Extracted information —
• • • • •

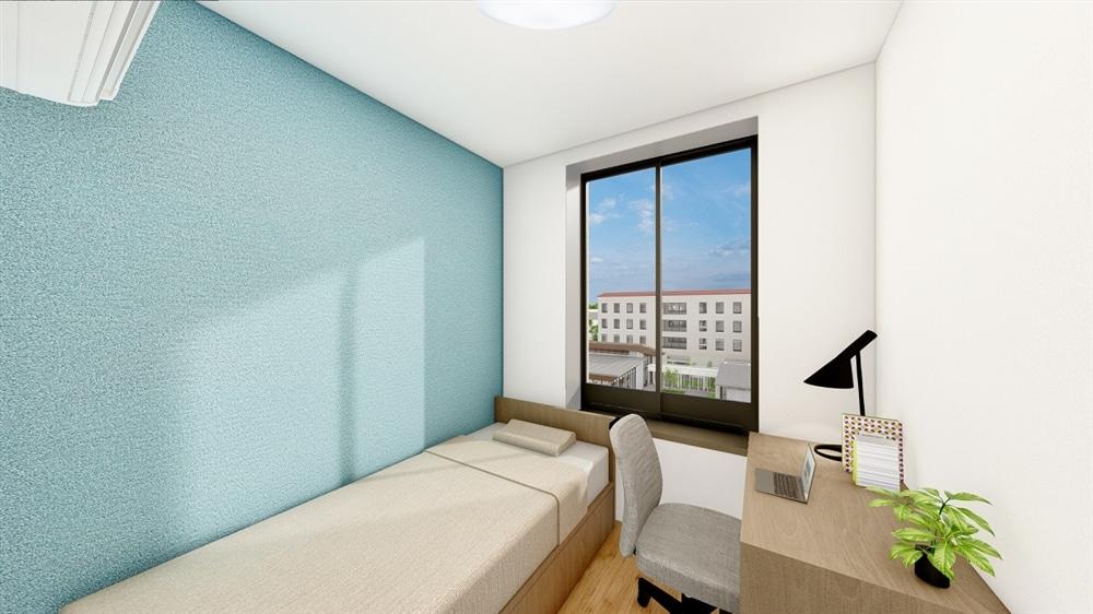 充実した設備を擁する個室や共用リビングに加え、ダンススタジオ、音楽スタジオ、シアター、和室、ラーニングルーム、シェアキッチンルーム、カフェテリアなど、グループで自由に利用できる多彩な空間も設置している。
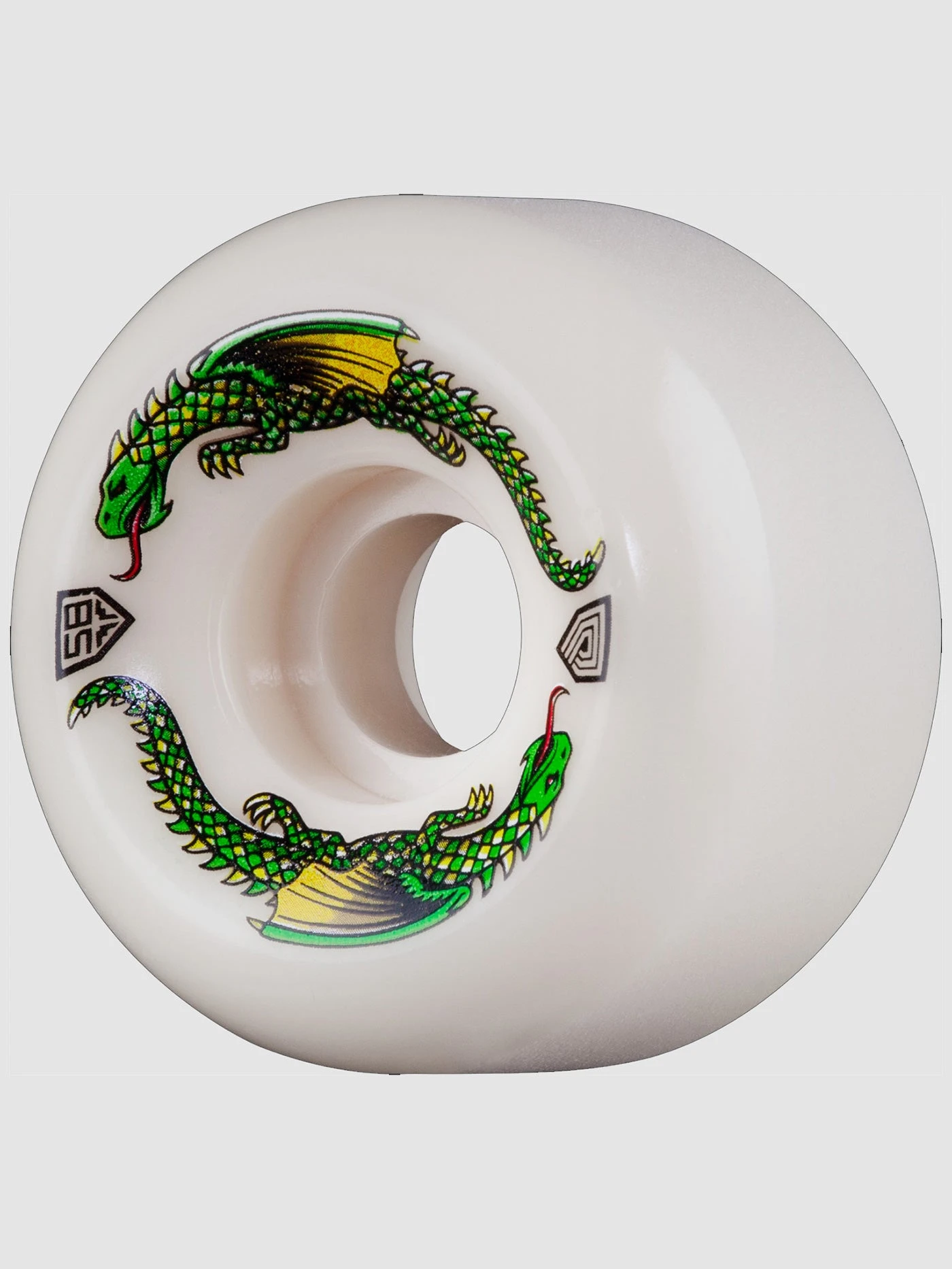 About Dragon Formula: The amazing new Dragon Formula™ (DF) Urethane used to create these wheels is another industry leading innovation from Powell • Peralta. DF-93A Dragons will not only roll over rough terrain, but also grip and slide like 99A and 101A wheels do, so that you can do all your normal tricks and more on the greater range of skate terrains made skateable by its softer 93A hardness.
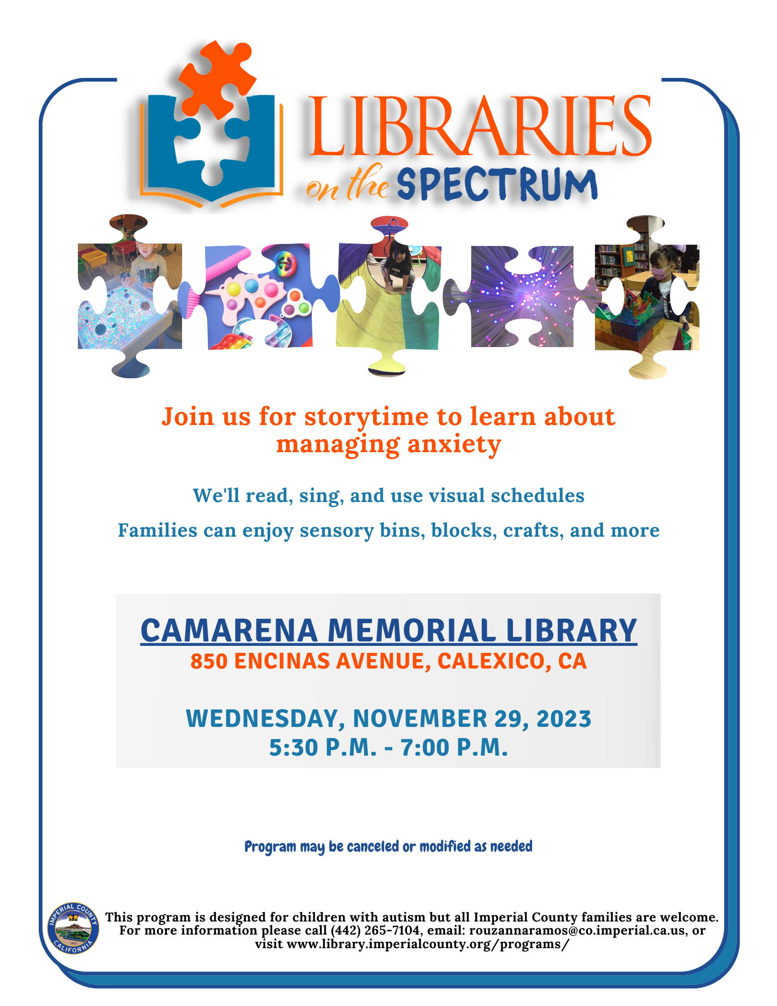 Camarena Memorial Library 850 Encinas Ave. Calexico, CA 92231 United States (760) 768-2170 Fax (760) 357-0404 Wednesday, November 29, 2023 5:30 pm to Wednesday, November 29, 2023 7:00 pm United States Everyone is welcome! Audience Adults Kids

• • • • •

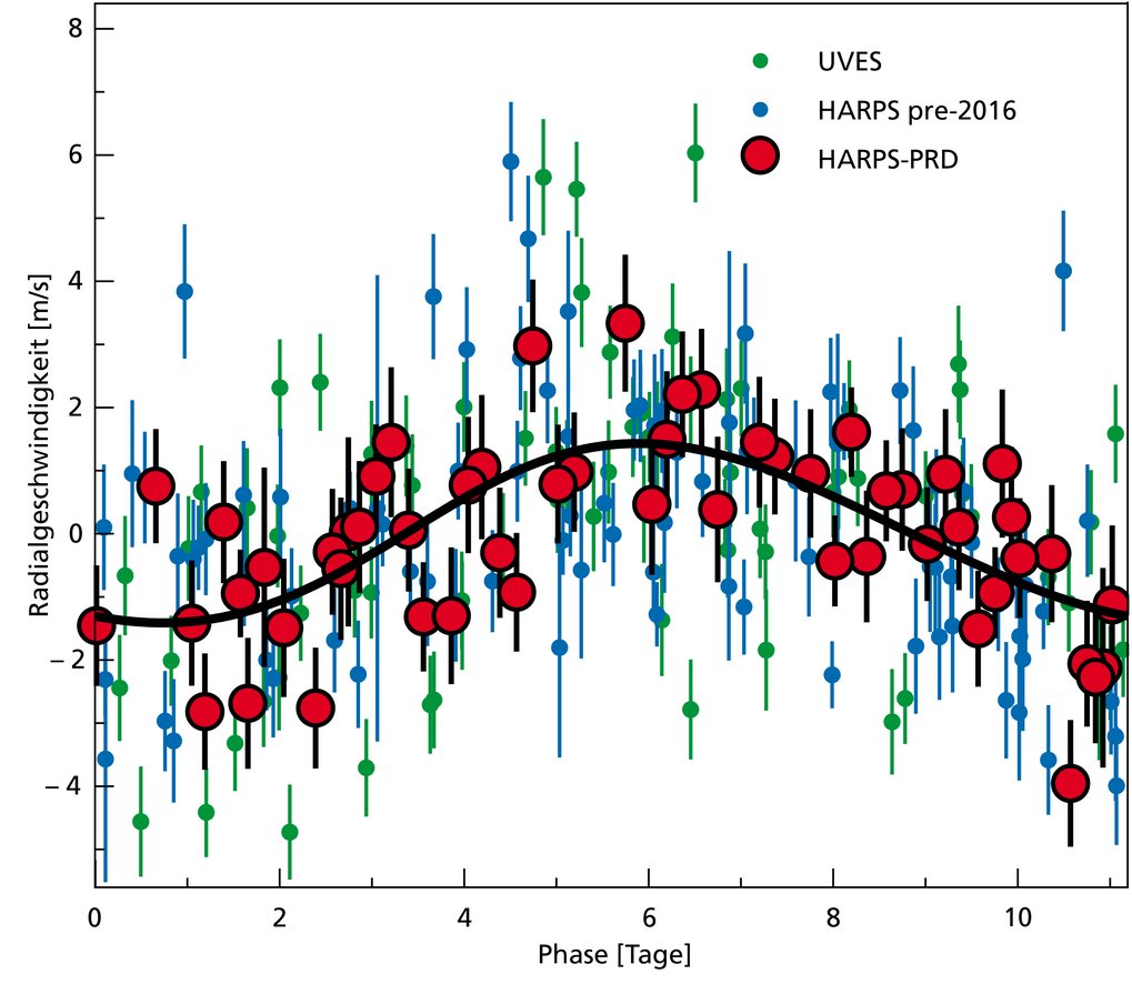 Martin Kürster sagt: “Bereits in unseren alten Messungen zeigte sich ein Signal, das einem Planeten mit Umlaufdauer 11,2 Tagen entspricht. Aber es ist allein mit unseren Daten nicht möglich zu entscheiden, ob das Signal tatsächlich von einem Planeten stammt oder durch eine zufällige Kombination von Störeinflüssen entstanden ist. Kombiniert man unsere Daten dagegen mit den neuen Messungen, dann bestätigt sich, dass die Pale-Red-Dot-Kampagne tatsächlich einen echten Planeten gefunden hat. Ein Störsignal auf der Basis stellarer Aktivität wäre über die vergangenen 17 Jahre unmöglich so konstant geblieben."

• • • • •

Instructions to follow — Using the data above, return the lines from the one holding "About Dragon Formula: The" through the one holding "Camarena Memorial Library" exactly, but not the pictures.

Your solution —
 About Dragon Formula: The amazing new Dragon Formula™ (DF) Urethane used to create these wheels is another industry leading innovation from Powell • Peralta. DF-93A Dragons will not only roll over rough terrain, but also grip and slide like 99A and 101A wheels do, so that you can do all your normal tricks and more on the greater range of skate terrains made skateable by its softer 93A hardness.
 Camarena Memorial Library 850 Encinas Ave. Calexico, CA 92231 United States (760) 768-2170 Fax (760) 357-0404 Wednesday, November 29, 2023 5:30 pm to Wednesday, November 29, 2023 7:00 pm United States Everyone is welcome! Audience Adults Kids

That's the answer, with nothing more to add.